We’re very heartened and excited over the fact that this administration, like prior administrations, continues to put patients at the center of care. This moves us closer to that perfect world that one would imagine. The big question is the privacy piece; there’s always this tension, for HIM, that we protect the integrity of the record, and that consumers understand where that data travels, and how it’ protected. So we’re reading through the rule to see whether that’s protected.

How would you frame the dynamic tension between patients truly owning their patient records, and the integrity of the patient record, particularly in the context of patient-supplied data being added into individual patients’ records?

We’re focused on patients’ access to the record, as well as to access and sharing among others. Certainly, I think that HIM [health information management] does think about how we’re making sure that the data that goes into the record, such as patient-generated data—is relevant, timely, and accurate.

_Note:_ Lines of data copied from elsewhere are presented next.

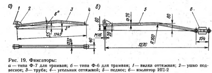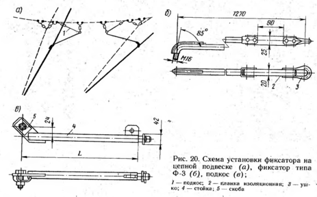 На цепной подвеске для закрепления точек отклонений провода, образующих зигзаг, и на кривых участках применяют фиксаторы Ф-3, устанавливаемые на гибкой поперечине с помощью подкоса (рис. 20). В точке подвешивания несущего троса расстояние от него до контактного провода определяется в зависимости от длины подвешиваемого пролета провода. Фиксатор сохраняет свои размеры для всех случаев подвески. Нужное расстояние получают применением соответствующей длины подкоса для пролетов разной длины.
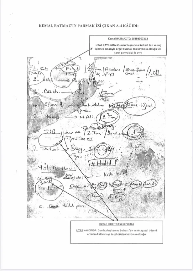 Söz konusu notlarda; dönemin Genelkurmay Başkanlığı Özel Kalem Müdürü, sözde "yurtta sulh konseyi" üyesi eski kurmay albay Osman Kılıç'ın da parmak izi tespit edildi. Osman Kılıç da, Cumhurbaşkanı Erdoğan'a suikast ve suç işlemek amacıyla örgüt kurmaktan yargılanıyor.
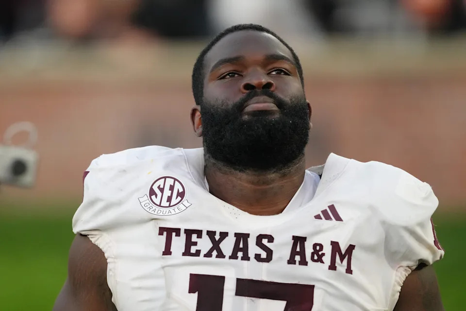 BATON ROUGE, LOUISIANA – OCTOBER 25: Defensive tackle Albert Regis #17 of the Texas A&M Aggies defends during the second half of a game against the LSU Tigers at Tiger Stadium on October 25, 2025 in Baton Rouge, Louisiana. (Photo by Tyler Kaufman/Getty Images)
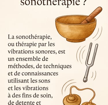 est un ensemble de méthodes, de techniques et de connaissances utilisant les sons et les vibrations à des fins de soin, de détente et d’harmonisation.
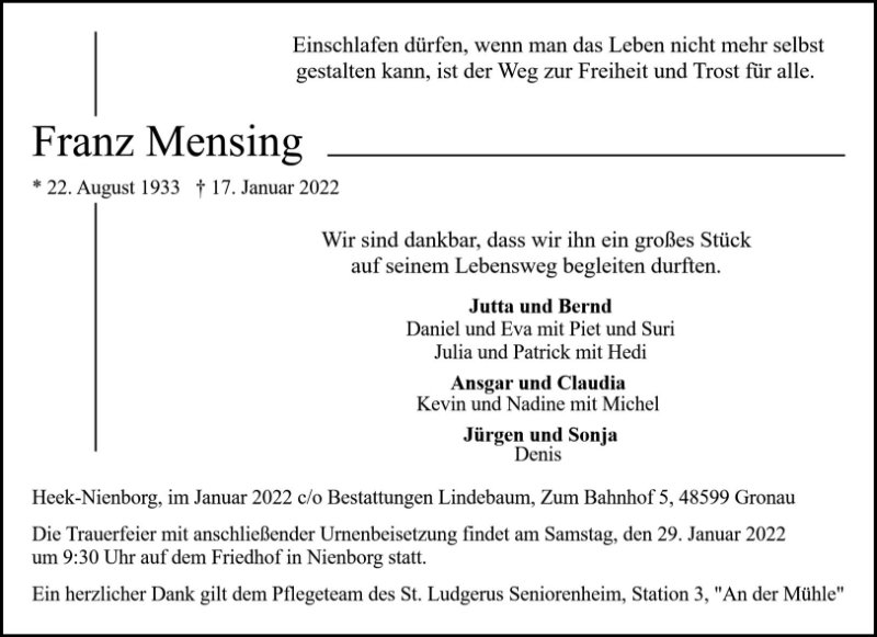 gestorben am 17. Januar 2022 in Heek
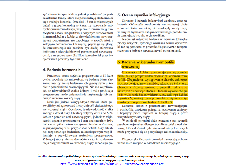 Badanie na trombofilię wrodzoną jest rekomendowane przez Polskie Towarzystwo Ginekologiczne u pacjentek, które poroniły.
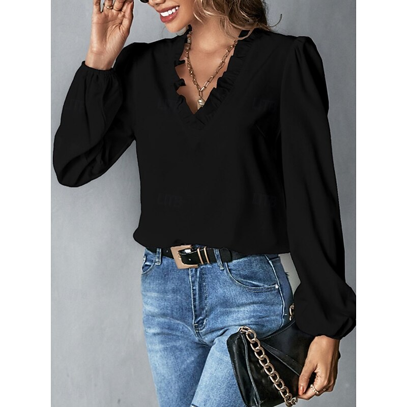 HOT ! Women's Shirt Solid Color Stylish Casual Long Sleeve V Neck Regular Tops Daily Ruffle Black White Spring Fall Winter

And we talk a lot about note bloat, and about the integrity of the documentation in the record itself. And that’s a conversation that HIM needs to have with the HIT side—making sure that we have not only the technical functionality, but also that the correct information is contained in the record.

What kind of role can HIM leaders play, in this dialogue?

HIM brings a lot of value, because HIM leaders know where the data is at any time, and where and how it should move. That brings tremendous value to this conversation, particularly with regard to access and use. The concern was that the definition of information-blocking was so broad in the preliminary rule. It was the definition of eHI that folks would be expected to exchange, in order to avoid a penalty. What we really appreciated in this final rule is that they’ve created a lot more clarity in this definition. Final rule says, first two years, you’ll be required to exchange USCDI. That first piece will be required. After those two years, the definition changes to ePHI, electronic protected health information. So, what does HIM do? We manage and figure out what the designated record set is. So as we move into a more robust compliance with this rule, HIM could play a great role in helping organization to figure out how do meet compliance in this area.

What is the difference between USCDI and ePHI, in that context?

USCDI is the new name for CCD—it’s the common clinical data set. A set of data elements that must be in your baseline HER system. This is things commonly collected already. So new elements will come into the definition of ePHI in two years from now. It’s often an operational policy set in place. There’s consistency, but there can be variations at times; and that’s where HIM can play a big role.

Is it your sense overall that the federal health officials basically got this right?

I think I need to take a deeper dive into this rule, to be honest, before giving that assessment.